● EXERCISE INSTRUCTIONS
Please output the line containing "ฟลาเมงโก้ (4-2-3-1) : ดีเอโก้" and all lines that follow it in the data below, exactly, with no pictures.
○ ○ ○
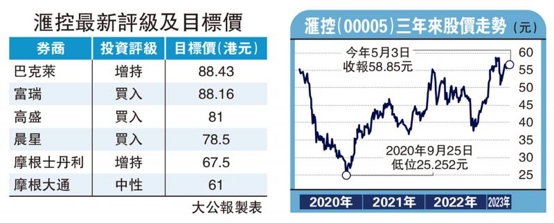 高盛指滙控的估值吸引,现水平股价是2023年预测有形市账率(P/TB)的0.9倍,相对2024至2025年有形股本回报率(RoTE)预计可达13%,意味整体回报率约为9%至10%。高盛维持予以滙控的“买入”投资评级。
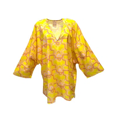 Women's Yellow Veronica Lydy Limon Silk Cotton Kaftan Top
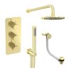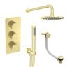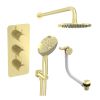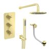 Saneux COS 3 way shower kit - w/ 3 Function Handset and Bath filler and Shower Head - Fluted - Brushed Brass
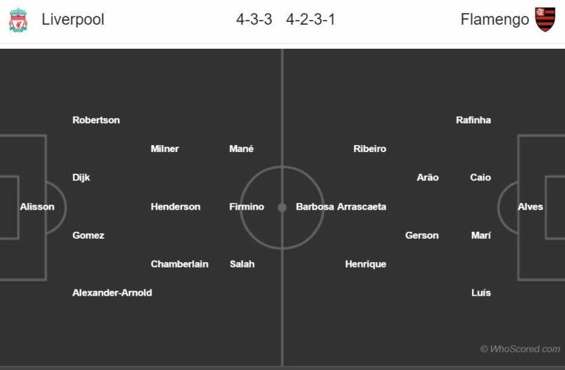 ฟลาเมงโก้ (4-2-3-1) : ดีเอโก้ อัลเวส : ราฟินญ่า, โรดริโก้ ไคโญ่, ปาโบล มารี่, ฟิลิเป้ ลุยส์ ; วิเลี่ยน อาเรา, แกร์ซอน ; เอแวร์ตอน ริเบโร่, จอร์เจียน เด อาร์ราสกาเอต้า, บรูโน่ เอ็นริเก้ ; กาเบรียล บาร์โบซ่า
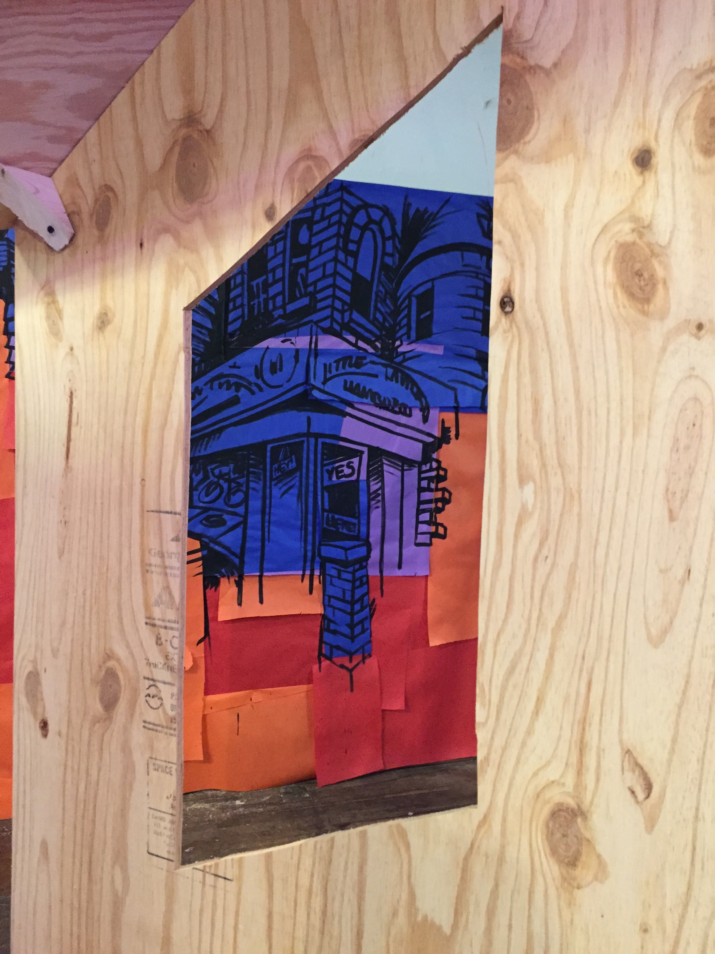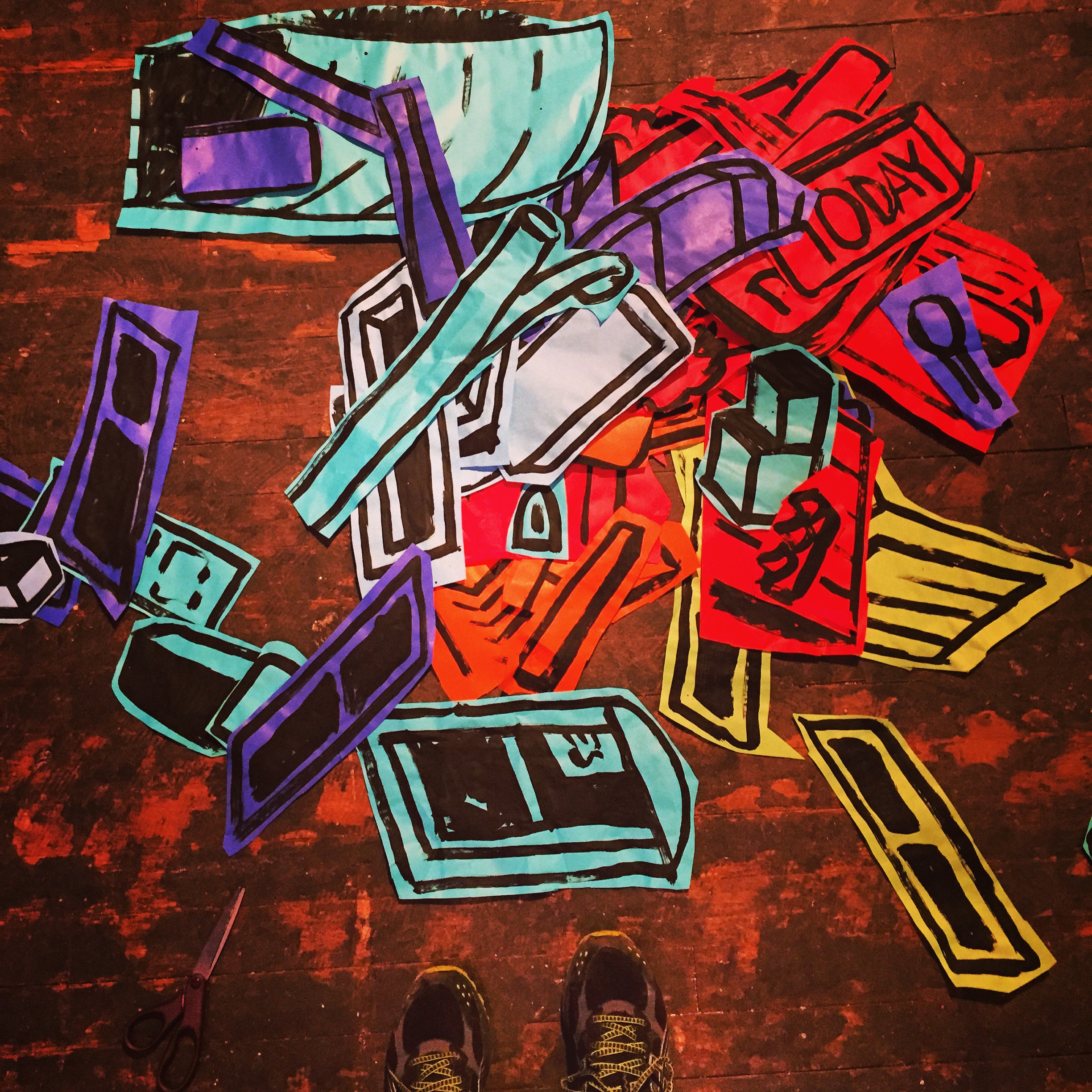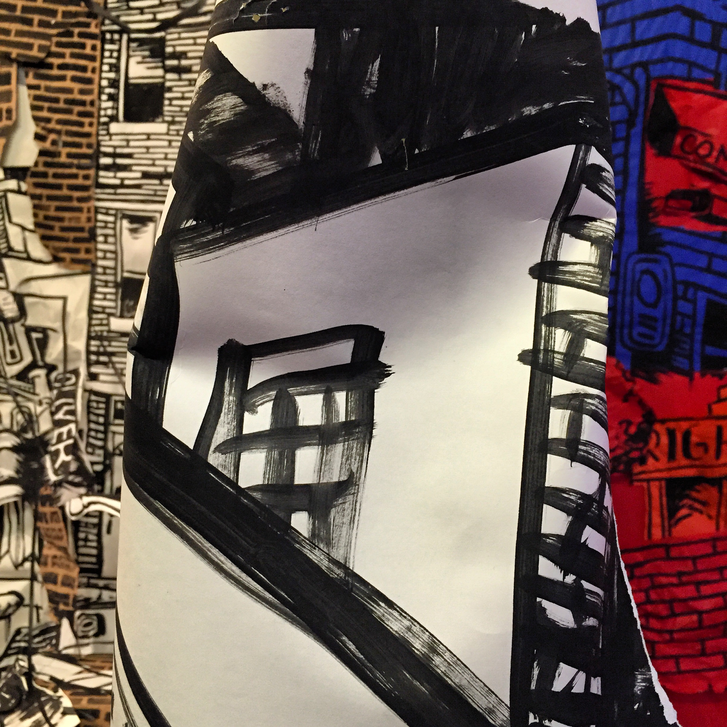 This week has been a beautiful, paper choked whirlwind thus far. Nolan constructed some super cool rolling sculptural armatures, and collaging is happening in force. I’ve got scissor blisters all over my fingers and have already unloaded at least a box and a half of light duty staples (eep – good think deinstall is over a month away!) Passersby are starting to stop and look in with greater frequency as the space starts to fill with color and texture – I’m looking forward to being able to finally throw open the doors!
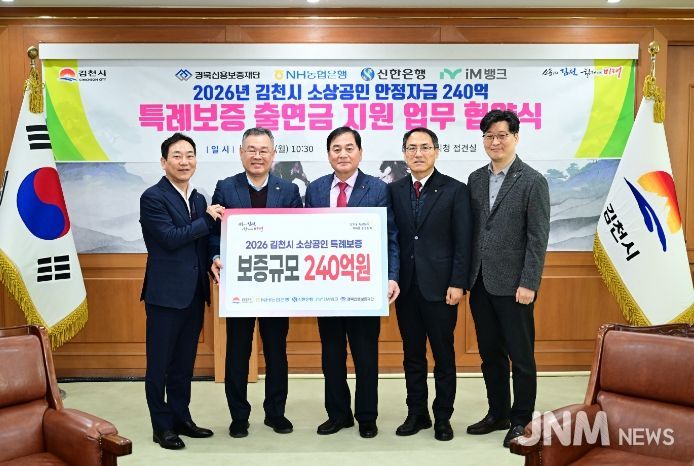 제이앤엠뉴스 | 김천시는 관내 소상공인 경영 안정자금 지원을 위해 경북신용보증재단, NH농협은행, 신한은행, iM뱅크와 협약을 맺고 총 240억 원 규모의 소상공인 특례 보증 지원에 나선다고 9일 밝혔다.
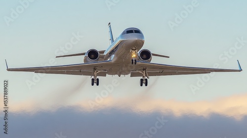 Fototapeta premium Private jet landing, clouds below, airport runway
○ ○ ○
● RESPONSE TO THIS EXERCISE
 ฟลาเมงโก้ (4-2-3-1) : ดีเอโก้ อัลเวส : ราฟินญ่า, โรดริโก้ ไคโญ่, ปาโบล มารี่, ฟิลิเป้ ลุยส์ ; วิเลี่ยน อาเรา, แกร์ซอน ; เอแวร์ตอน ริเบโร่, จอร์เจียน เด อาร์ราสกาเอต้า, บรูโน่ เอ็นริเก้ ; กาเบรียล บาร์โบซ่า
 This week has been a beautiful, paper choked whirlwind thus far. Nolan constructed some super cool rolling sculptural armatures, and collaging is happening in force. I’ve got scissor blisters all over my fingers and have already unloaded at least a box and a half of light duty staples (eep – good think deinstall is over a month away!) Passersby are starting to stop and look in with greater frequency as the space starts to fill with color and texture – I’m looking forward to being able to finally throw open the doors!
 제이앤엠뉴스 | 김천시는 관내 소상공인 경영 안정자금 지원을 위해 경북신용보증재단, NH농협은행, 신한은행, iM뱅크와 협약을 맺고 총 240억 원 규모의 소상공인 특례 보증 지원에 나선다고 9일 밝혔다.
 Fototapeta premium Private jet landing, clouds below, airport runway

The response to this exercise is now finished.